One of my favorite activities is hiking, so of course I was really excited when in 2010, I moved to Colorado. I could enjoy some real mountain trails within reasonable driving distance of my home!
When I first met Zach, I told him how much I like hiking, especially to mountain lakes. We went on a few amazing hikes together, taking things slowly because of Zach’s vision. We summited Pike’s Peak…
We went hiking in Estes Park, where we had a close encounter with wildlife…
He even proposed at the top of a waterfall!
But, as time went on, Zach’s true feelings came out. He likes hiking too, and he especially likes doing things that make me happy, but it is very difficult for him. It’s not that he falls down more (I think he and I are pretty even on our hiking stumbles count), it’s just that the constant vigilance about unpredictable terrain kind of sucks the fun out of it for him. And if he’s not having fun, it’s hard for me to have fun. I want to be able to help him hike better, but it is really hard to describe upcoming obstacles before it’s too late. In suburbia, it’s easy to say, “three steps up,” but out in the mountains it’s more like, “there are three big rocks and the top one is loose so you can avoid it by staying to the left but watch out for those tree roots” before he’s already slipped a little bit and there’s a new obstacle that I’m trying (unsuccessfully) to describe. He’s lucky to have exceptionally strong ankles.
This has led to a bigger problem for us. If he doesn’t want to go hiking and I do, he feels guilty, like he’s holding me back. If we go hiking anyway, we can both get frustrated, which means neither of us enjoys it. And then I feel guilty for “forcing” him to join me on a miserable adventure which now not even I am enjoying. I know that I shouldn’t feel guilty – it’s his choice to come or not, and he is really good about speaking up when he’s had enough – but I can’t help it.

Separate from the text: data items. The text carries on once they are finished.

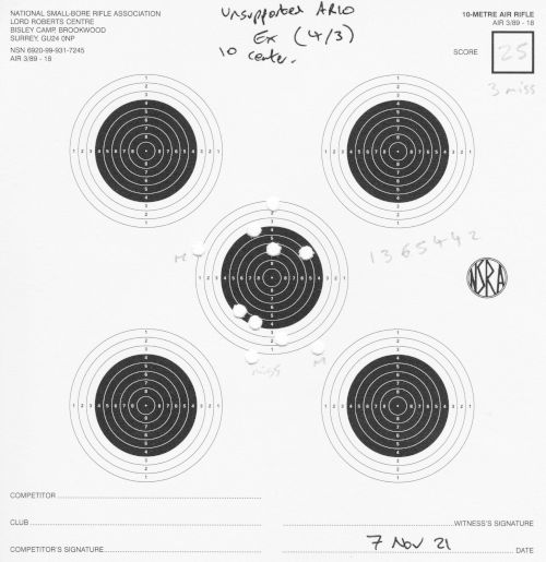 It is a little difficult to score much of today's cards. Why? Because I fired most shots at the centre target of the card, instead of 2 per each of the 5 targets on the card. Why was I doing that? Because of the utterly awful unsupported score I got last month. I wanted to limit variables, improve my stance without having to worry about irrelevancies.
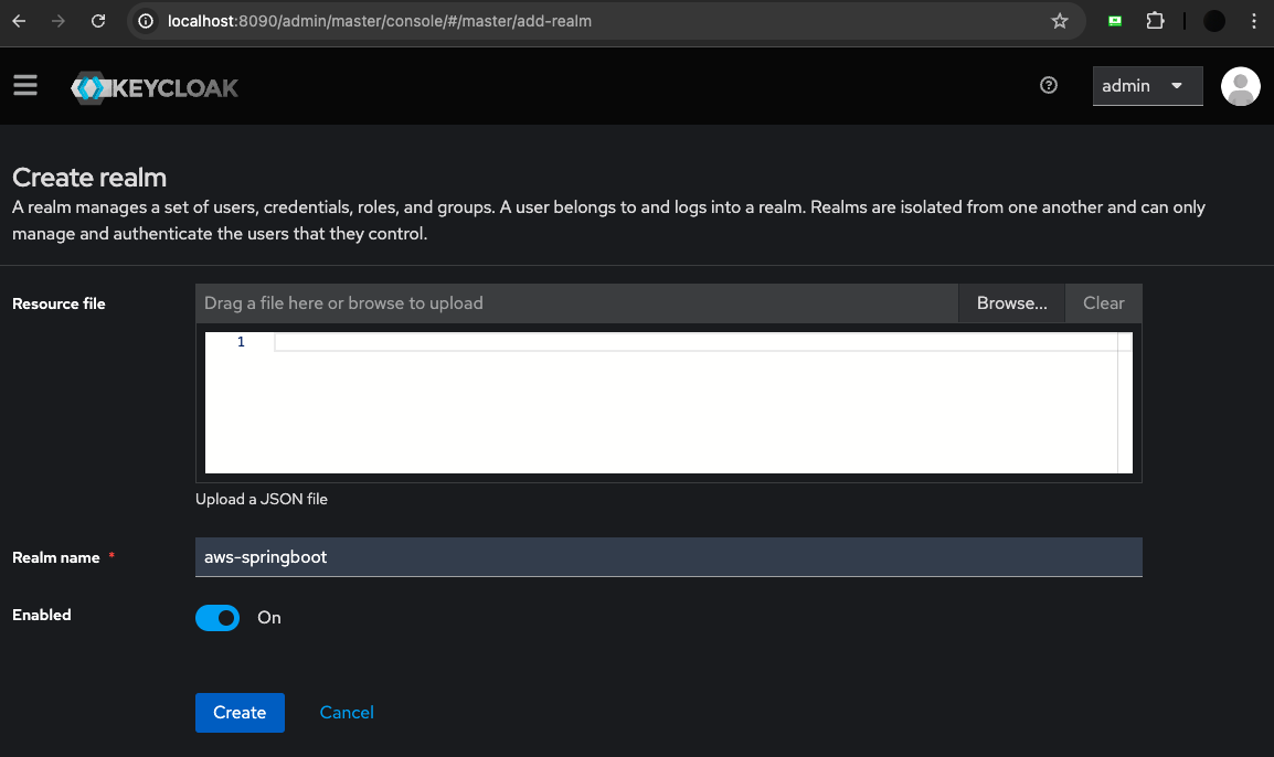 Realm에 등록한 모든 Client에 대해 SSO가 적용되기 때문에 SSO를 적용하고 싶은 모든 서비스를 묶어서 하나의 Realm에 묶어 넣어준다고 생각하면 된다. 우선 실습을 위해 aws-springboot라는 realm을 생성해 줬다.
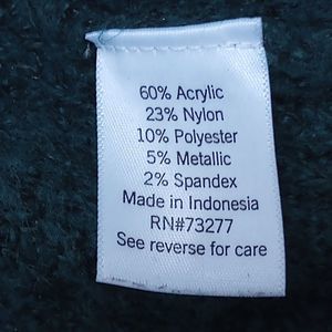 • material: 60% acrylic, 23% nylon, 10% polyester, 5% metallic, 2% spandex
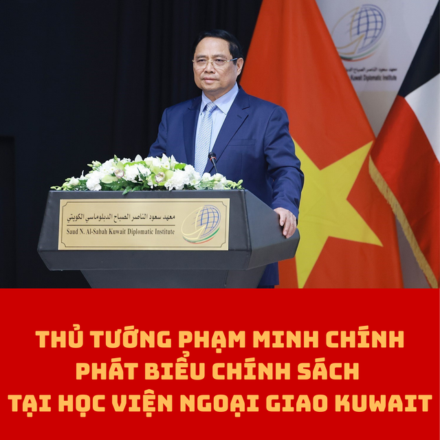 Tiếp tục chương trình thăm chính thức Kuwait, sáng 18/11/2025 (giờ địa phương), Thủ tướng Phạm Minh Chính đến thăm và phát biểu chính sách tại Học viện Ngoại giao Kuwait.
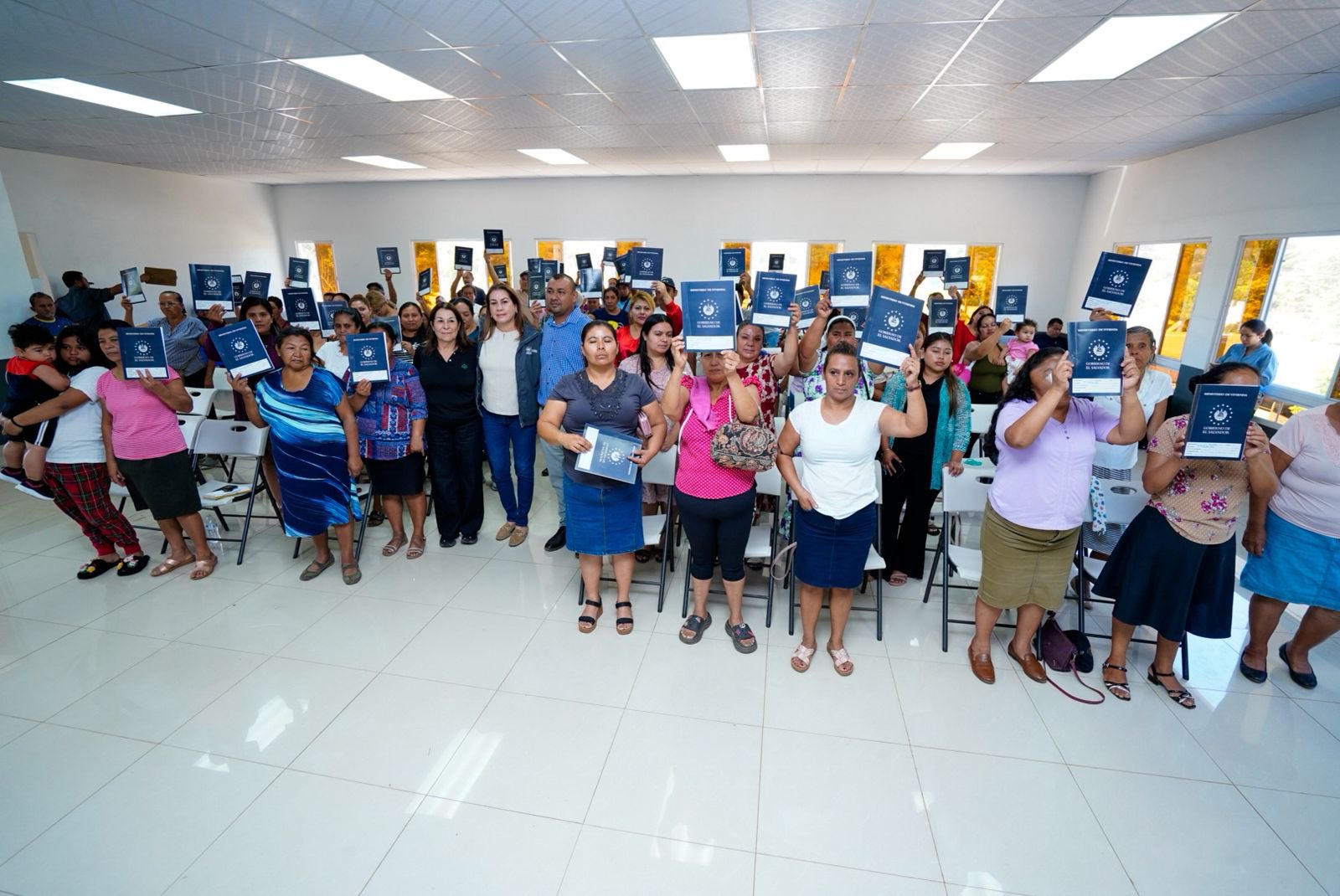 La ministra de Vivienda, Michelle Sol, informó que este día se entregaron escrituras de propiedad a 57 familias de la comunidad Onofre Durán, en Ahuachapán Centro, como parte del proceso de legalización que impulsa el Gobierno a través del Ministerio de Vivienda de El Salvador.
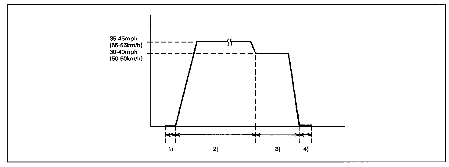 2. Start engine and drive vehicle at 35 - 45 mph, 55 - 65 kph for 8 min. or longer.
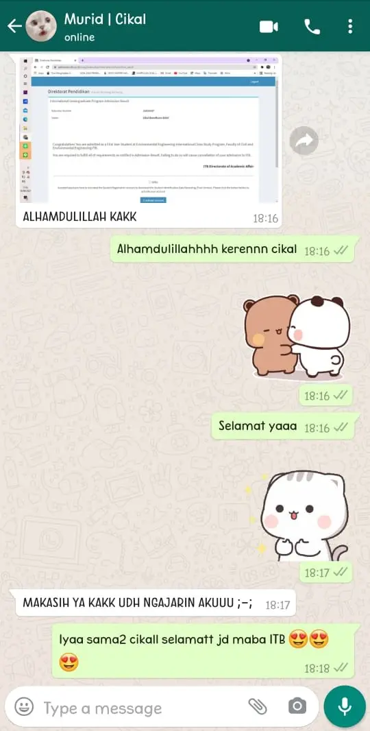 Cikal les di IndoPrivat sejak kelas 10 sampai kelas 12 SMA. Alhamdulillah tahun ini diterima di ITB jurusan Teknik Lingkungan.
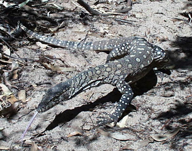 der Goanna auf etwa 1,5 Meter an mich herankam. - Man hatte mich schon
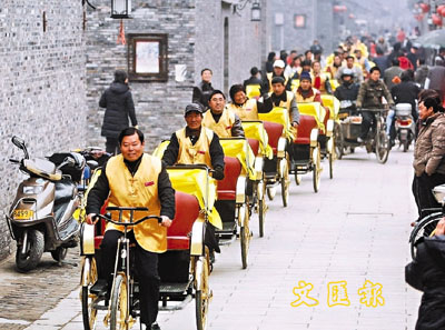 為提升城市形象,江蘇揚州市對運營的人力車進行規範化管理。首批50輛統一車型、統一人員著裝的車隊,5日亮相街頭。 新華社

We’ve tried to come up with a few solutions to this problem. The first is that we join a hiking group for blind/visually impaired people and their friends. There is a group in our area called VIBeS. We are excited about this because we would both enjoy the group atmosphere, as well as giving both me and Zach training for how to make hiking an easier and more enjoyable experience. The problem is that our schedule has prevented us from going to any of the VIBeS events so far this summer. Bummer! I really hope we can go in the near future.
Another solution is that I go hiking without Zach. Recently, I have been trolling some hiking-oriented Meetup groups, which would be an organized group of strangers going on a hike together. The idea is to make those strangers your friends, which could be fun, and the Meetup groups I’ve been looking at are big enough for me to feel safe attending. So I geared up and RSVPed for a Meetup hike today…and then chickened out. It just sounds so socially intimidating!! I want to hike, but am not sure I have the courage to show up to something alone. Sigh.
What do you do when meeting a group of new people for the first time? How do you approach an intimidating social situation without the safety net of a friend with you?